Temperature and humidity readings are output on the serial interface of the Arduino so that I can test things are working correctly.

Reading the temperature over the serial interface

Reading the temperature over the serial interface

It Works!

It works!

It works! I’ll add a case for it later on and probably mount it to the end of the soldering iron holster or something.

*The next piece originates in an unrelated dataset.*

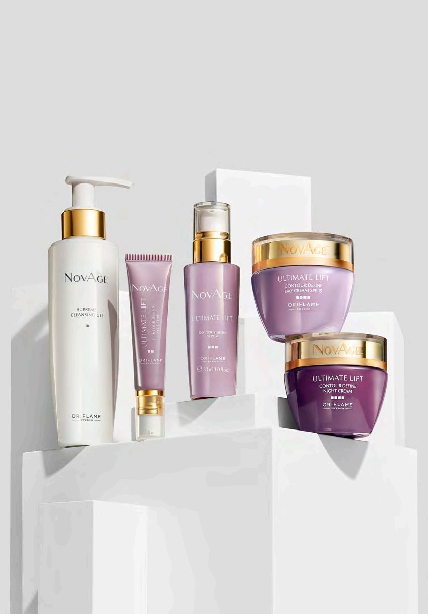 46 Повдигане, стягане и ревитализиране НА ФОКУС: ЕЖЕДНЕВНАТА ГРИЖА ЗА КОЖАТА Нанасяйте серума преди хидратиращите продукти, за да подсилите действието им и да подпомогнете стягането на кожата и намаляването на бръчките. ПОЧИСТВАНЕ Почиствайте кожата два пъти дневно, за да отстраните замърсяванията и да я подготвите за абсорбирането на следващите продукти от програмата. ПОВЕЧЕ ЕФЕКТИВНОСТ ХИДРАТАЦИЯ Нанасяйте леката формула на околоочния крем, за да стегнете контурите, да изгладите бръчките и да пробудите кожата около очите. ПРИЦЕЛВАНЕ Използвайте дневен крем, за да дефинирате контурите, да ревитализирате и предпазите кожата и нощен крем, за да я стегнете и подхраните. Когато кожата започне да губи своята еластичност и да става отпусната, тя има нужда от освежаваща грижа, която да ѝ помогне да запази младежкия си вид. Комплектът NovAge Ultimate Lift отговаря именно на тези нужди! Той подпомага производството на колаген и еластин за по-добър вид на кожата и я защитава от свободните радикали, с цел забавяне на процесите на стареене. Изпълнявайте всички стъпки и ще видите до какви резултати ще ви доведе правилно структурираната грижа за кожата!

And just like that, it works. I really like the simplicity of making things on the Arduino platform.

When the soldering iron is on, it raises the temperature near the sensor, which then triggers the fan, which will turn off after 5 minutes after the temperature drops again.

Tidied up with better tape

Tidied up with better tape

I also replaced the nasty masking tape from earlier with something a bit nicer. Looks good!

Improvements / Other Ideas

There are a few things I will probably do to improve this system:

  • Investigate using an MQ135 gas sensor to trigger the fan when fumes are present instead of temperature
  • Or, set it up so that it enables the fan when the temperature rapidly changes – it’s going to be hot in my flat in summer (the British apparently don’t believe in air conditioning) so having a simple temperature threshold probably won’t work
  • A case!
    • I could even mount it inside the soldering iron holster for convenience

Other Uses

The DHT11 sensor also handles humidity, so there are a few other things that could be done with a (tidied up) version of this:

  • Automatic kitchen extraction fan, triggered by the heat of cooking
  • Automatic bathroom extraction fan, triggered by the humidity of the shower running
  • That’s about it, I guess

Video!

Seeing as I was setting up a new workspace, I decided to include a camera. I’m still getting used to positioning things, so they are in the shot, and there’s a lot of room for improvement, but let me know what you think!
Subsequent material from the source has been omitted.